Entries taken from a collection
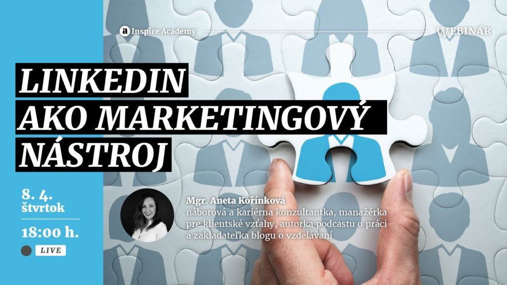 Nielen sociálna sieť pre dospelých milovníkov nažehlených oblekov, ale aj efektívny marketingový nástroj pre zamestnancov, freelancerov, firmy aj uchádzačov o zamestnanie a pôsobivá databáza pre HR zároveň. To je sieť LinkedIn, o ktorej výhodách a princípoch bude vo štvrtok 8. apríla rozprávať náborová a kariérna konzultantka, Aneta Kořínková.
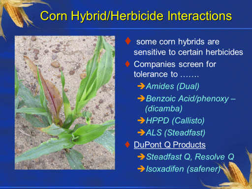 Corn Hybrid/Herbicide Interactions<BR> some corn hybrids are sensitive to certain herbicides <BR>Companies screen for tolerance to ……. <BR>Amides (Dual) <BR>Benzoic Acid/phenoxy – (dicamba) <BR>HPPD (Callisto) <BR>ALS (Steadfast) <BR>DuPont Q Products <BR>Steadfast Q, Resolve Q <BR>Isoxadifen (safener) <BR>
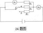 如圖所示,電源電壓恒定不變,當開關S接a時,電流表A1與A2的示數之比為3:5;當開關S接b時,電流表 A1與A2的示數之比為2:3,則R2與R3的電阻之比為
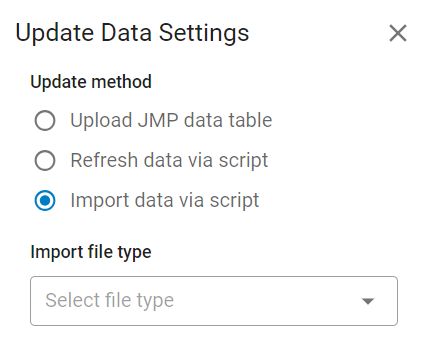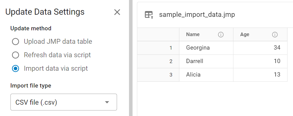 User can upload data that is not in a JMP format to JMP Live, which is converted into a JMP data table.
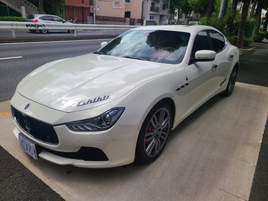 GOO鑑定書付 2015年 マセラティ ギブリSーQ4が入庫しました。デイラー車 左ハンドル 8AT 車検令和8年7月 ホワイトビアンコ 赤革シート 純正ナビTVETCバックカメラ CD GPSレーダー  Fドライブレコーダー リヤ3面スモークフィルム カーボンピラーカバー 245/40ー20 285/35ー20(ミシュラン パイロットスポーツ4S)前後シートヒーター 電動リヤカーテン カーテシーランプ付 ボディーガラスコーティング施工車 タイヤ、前後ブレーキパッド、バッテリー交換済 保証書 取説 スペアキー 走行7.400キロ 今回は、400万にて御提供です。
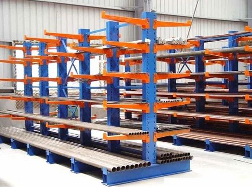 MS cantilever rack, 5-8 ft height, with 5 shelves. Mild steel construction ensures durability for industrial storage of various materials. Reliable and space-saving.
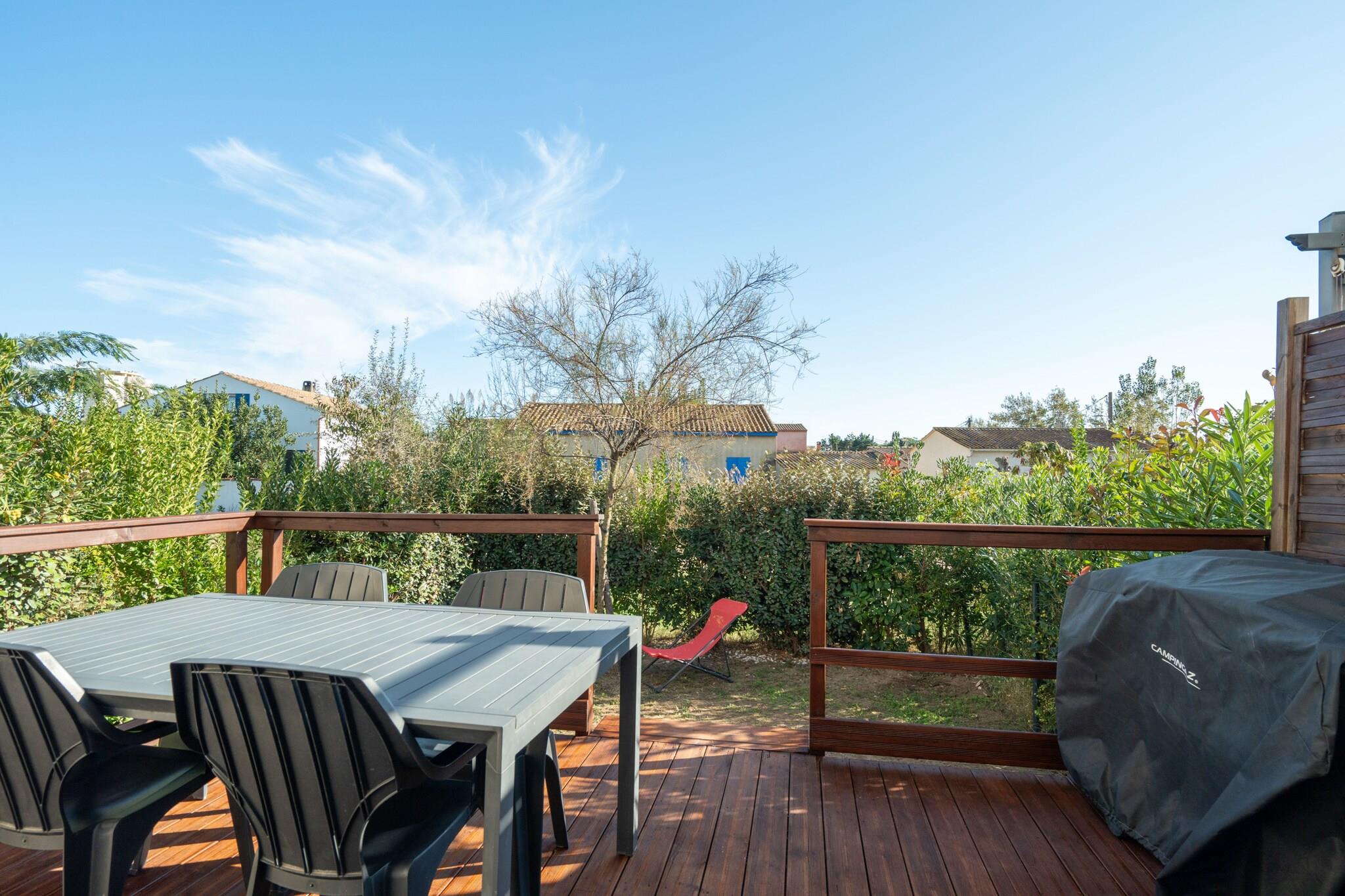 Beliggende i hjertet af Sérignans familievenlige kystzone, tilbyder denne hyggelige 55 m² store villa et fuldt udstyret oase for op til 7 gæster. Med 2 soveværelser og et indbydende layout er det kun 450 meter fra både sandstranden og lokale restauranter og kun 1 km fra det nærmeste supermarked - perfekt til en afslappet ferie ved havet. Villaen har en privat have, udendørs møbler, en solrig terrasse og en grill til udendørs spisning. Gæsterne kan nyde moderne bekvemmeligheder som aircondition, elvarme, tv, hårtørrer og strygejern. En fælles opvarmet swimmingpool og udendørs parkering i samme bygning bidrager til bekvemmeligheden og nydelsen af dit ophold. Indvendigt omfatter det elektriske køkken i åbent plan køleskab, mikroovn, opvaskemaskine, kaffemaskine, brødrister, kedel og alle nødvendige redskaber. Beliggende på Avenue des Pattes Rouges, lejlighed 25, kombinerer denne villa i stueetagen komfort, beliggenhed og charme - din ideelle base for at udforske skønheden i Languedoc-Roussillon.
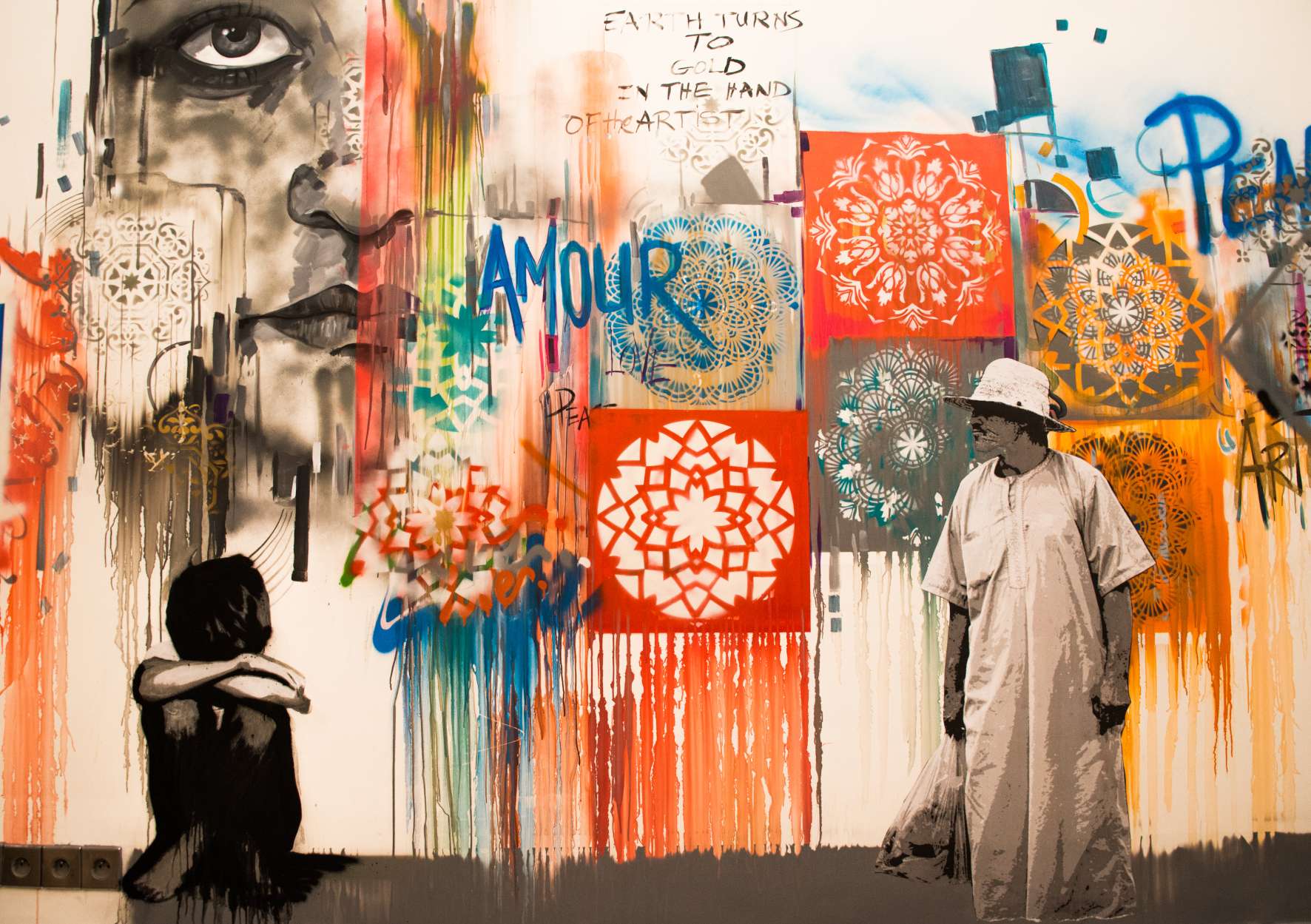 Il avait déjà pris d’assaut les murs de l’hôtel en 2018. Hicham Bellaghzal est de retour au Mövenpick Marrakech avec lecollectif 400ML pour sa deuxième résidence artistique. Cet été, il est à l’oeuvre pour réaliser de nouvelles fresques et tableaux, qui seront présentés à la rentrée. Ce street-artiste, natif de Marrakech, est un amoureux du dessin et de la calligraphie depuis son plus jeune âge. Aux côtés de son collectif 400ML, dont font notamment partie Mchimich et Laaouina, il anime les murs, les façades et les escaliers de l’établissement hôtelier du centre ville entre pochoirs, fresques, graff, calligraphie, portraits et tableaux pour des oeuvres permanentes de street-art à la sauce orientale.
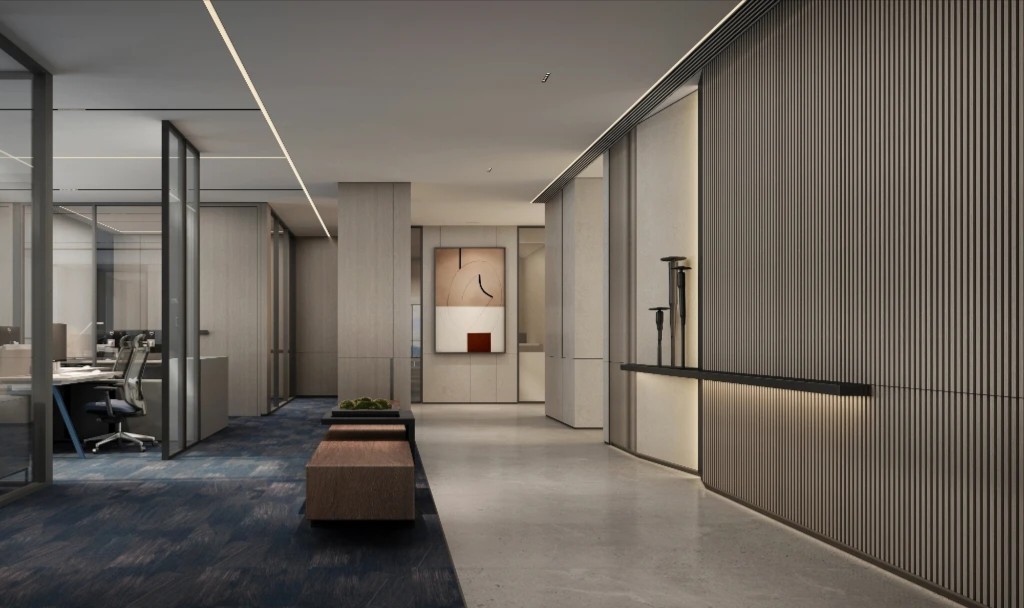 设计师将空间合理分割,使之拥有二十余个相对独立的办公和会议区域,以及餐区、休息区、洽谈区…还有足矣容纳150人的阶梯会议室,多种功能区域的划分组合,让办公节奏得以张驰结合,并为其提供了照明、办公家具等整体空间规划方案及落地,营造出一个知性的、优雅的,具有浓郁时尚感,但又充满着商务气息的现代化办公空间。

Work instruction:
An acceptable answer consists of the lines above from the one holding "Beliggende i hjertet" to the end of the data, repeated exactly and containing no pictures.

Final answer:
 Beliggende i hjertet af Sérignans familievenlige kystzone, tilbyder denne hyggelige 55 m² store villa et fuldt udstyret oase for op til 7 gæster. Med 2 soveværelser og et indbydende layout er det kun 450 meter fra både sandstranden og lokale restauranter og kun 1 km fra det nærmeste supermarked - perfekt til en afslappet ferie ved havet. Villaen har en privat have, udendørs møbler, en solrig terrasse og en grill til udendørs spisning. Gæsterne kan nyde moderne bekvemmeligheder som aircondition, elvarme, tv, hårtørrer og strygejern. En fælles opvarmet swimmingpool og udendørs parkering i samme bygning bidrager til bekvemmeligheden og nydelsen af dit ophold. Indvendigt omfatter det elektriske køkken i åbent plan køleskab, mikroovn, opvaskemaskine, kaffemaskine, brødrister, kedel og alle nødvendige redskaber. Beliggende på Avenue des Pattes Rouges, lejlighed 25, kombinerer denne villa i stueetagen komfort, beliggenhed og charme - din ideelle base for at udforske skønheden i Languedoc-Roussillon.
 Il avait déjà pris d’assaut les murs de l’hôtel en 2018. Hicham Bellaghzal est de retour au Mövenpick Marrakech avec lecollectif 400ML pour sa deuxième résidence artistique. Cet été, il est à l’oeuvre pour réaliser de nouvelles fresques et tableaux, qui seront présentés à la rentrée. Ce street-artiste, natif de Marrakech, est un amoureux du dessin et de la calligraphie depuis son plus jeune âge. Aux côtés de son collectif 400ML, dont font notamment partie Mchimich et Laaouina, il anime les murs, les façades et les escaliers de l’établissement hôtelier du centre ville entre pochoirs, fresques, graff, calligraphie, portraits et tableaux pour des oeuvres permanentes de street-art à la sauce orientale.
 设计师将空间合理分割,使之拥有二十余个相对独立的办公和会议区域,以及餐区、休息区、洽谈区…还有足矣容纳150人的阶梯会议室,多种功能区域的划分组合,让办公节奏得以张驰结合,并为其提供了照明、办公家具等整体空间规划方案及落地,营造出一个知性的、优雅的,具有浓郁时尚感,但又充满着商务气息的现代化办公空间。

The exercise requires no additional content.